All three of these core characters immediately feel more rounded than those in, say, “The Lost Ones”, which was similarly adherent to familiar storytelling beats. There’s nothing overly striking about the art and animation, either, which is nice enough but doesn’t have a stand-out aesthetic gimmick to fall back on. It’s just intended to be a very good version of a comfortingly recognisable thing, and it is. There’s a skill in that all the same.
“The Bird of Paradise”
“The Bird of Paradise” is a stand-out short in Star Wars: Visions Volume 3 because it really feels like it exists properly apart from the rest of the collection. Visually, it’s rendered entirely in CGI rather than being hand-drawn, and conceptually, it’s a mostly contained journey of self-discovery about one character on a kind of trippy vision quest. It feels truest to this show’s mandate of using unique visual expression to explore the core tenets of Star Wars storytelling.

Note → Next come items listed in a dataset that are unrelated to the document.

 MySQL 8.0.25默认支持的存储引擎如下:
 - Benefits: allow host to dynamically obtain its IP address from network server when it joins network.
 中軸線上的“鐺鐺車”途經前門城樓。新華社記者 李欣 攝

Nakime (Sonoya Mizuno) is a Jedi Padawan who, after falling in battle, wakes up blinded, with two scars running down her eyes, keeping them closed to the strange world around her as she attempts to think and feel her way through its mysteries. It’s an obvious metaphor, but rendered strikingly in extremely appealing colour and detail. This isn’t just a short that happens to have been animated in CGI, but could have only been animated that way, and it puts it to good use at every turn.

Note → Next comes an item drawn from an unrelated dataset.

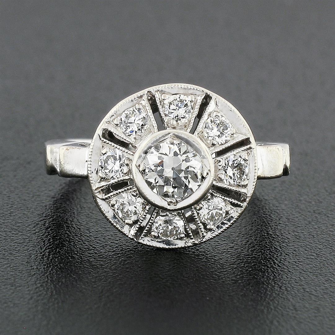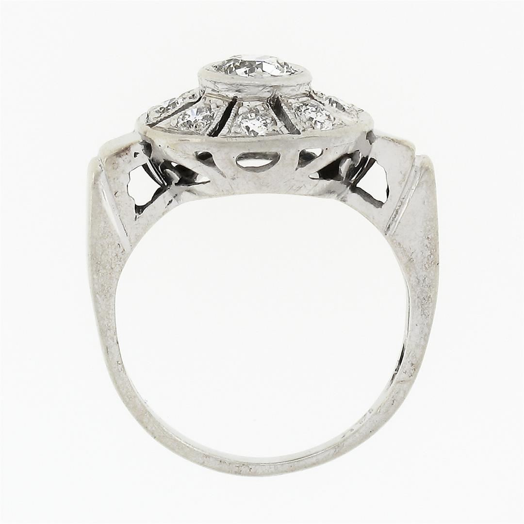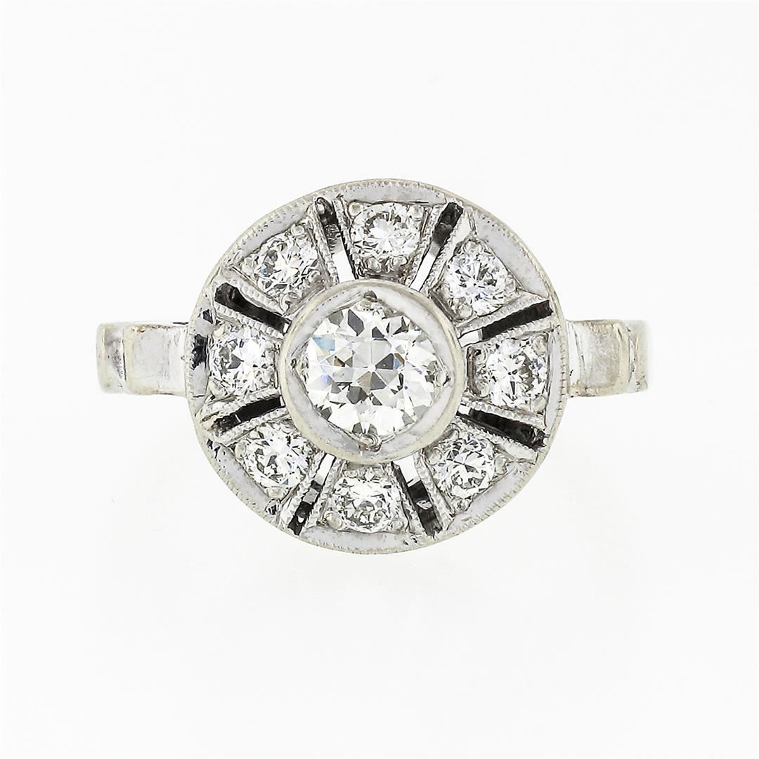 An antique art deco solid 14k white gold platter ring, with 9 old european cut natural diamonds (G/H - VS1/VS2; 0.70ctw). The ring is size 4, weighs a total of 3,03 grams, and measures 11.8mm wide.

Some may not vibe with the psychedelia of this short, or its use of symbolism and inference rather than explicit exposition, but to me, it’s very symbolic of exactly the kind of storytelling that this collection exists to provide.
“Black”
And here we have what it is, to my mind, the very best short film that Star Wars: Visions has produced across its three volumes. “Black” is the cleanest expression of the anthology’s underpinning ideas about channelling franchise fare through experimental visual storytelling; a remarkable near-wordless flurry of sight and sound depicting the whirring cogs of the Imperial machine through the first-hand experiences of a rank-and-file Stormtrooper.
Set to often whimsical jazz music and upbeat percussion, “Black” shows terrifyingly chaotic scenes blending in and out of one another, occasionally lapsing into dead silence as the horrors of war become too much to bear. It’s the kind of thing you could watch again and again, picking up new details every time. The effect, in its deliberate idiosyncrasies and dreamlike continuity, is of a beautiful nightmare that leads us through a hellscape of war and devastation.
As a payoff to this volume, “Black” is a real masterpiece. But it’s also a prime example of the value of this series overall, and the scope of storytelling opportunities contained in a franchise so seemingly determined to be as frictionless as possible. A remarkably expressive visual achievement.